How to read the content of a kubernetes Persistent Volume Claim
🗓️ Date: 2022-11-20 · 🗺️ Word count: 169 · ⏱️ Reading time: 1 MinuteReading the content of a persistent volume claim in kubernetes is not an operation supported natively through the APIs.
The easiest way is to run an interactive shell inside the pod that is currently attached to the PVC, but this is not always possible since the application running in the pod might actively modify its content, such as a DBMS application.
The second, more safe, choise is to stop the running container attached to the PVC and to attach the same PVC to anoter pod. The following yaml pod template can be used.

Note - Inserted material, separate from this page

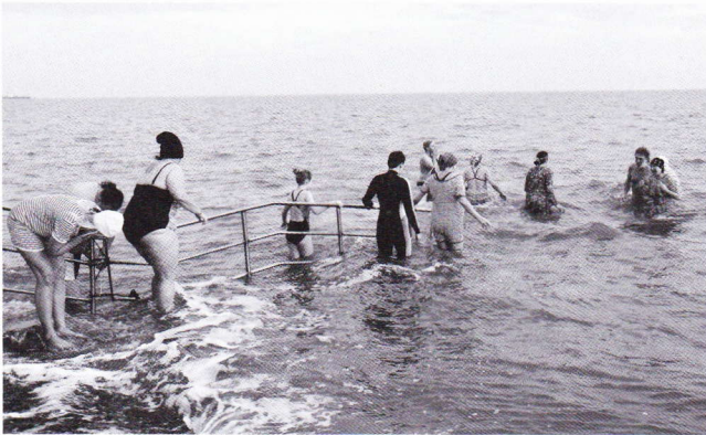
Anbaden bei Null Grad Wassertemperatur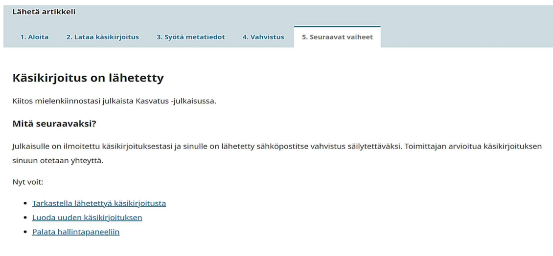
KUVA 5. Loppuviesti

Viimeisessä vaiheessa alusta kuittaa käsikirjoituksen lähettämisen prosessin loppuunviedyksi (ks. Kuva 5), minkä jälkeen kirjoittajien on mahdollista vielä tarkastella käsikirjoitustaan ja myöhemmin seurata sen vaiheita sekä ottaa käsikirjoitukseen liittyvissä asioissa yhteyttä toimitukseen.

kubectl apply -n <namespace> -f <pv-reader.yaml>
pv-reader.yaml
apiVersion: v1
kind: Pod
metadata:
name: pv-reader
spec:
volumes:
- name: pv-storage
persistentVolumeClaim:
claimName: <pvc-name>
containers:
- name: pv-reader
image: bash:5.2.9
resources:
limits:
cpu: 100m
memory: 64Mi
requests:
cpu: 20m
memory: 16Mi
command: ['sh', '-c', 'echo "Hello, Kubernetes!" && sleep 36000000000']
volumeMounts:
- mountPath: "/data"
name: pv-storage
Then exec into the running pod and browse the PVC’s content.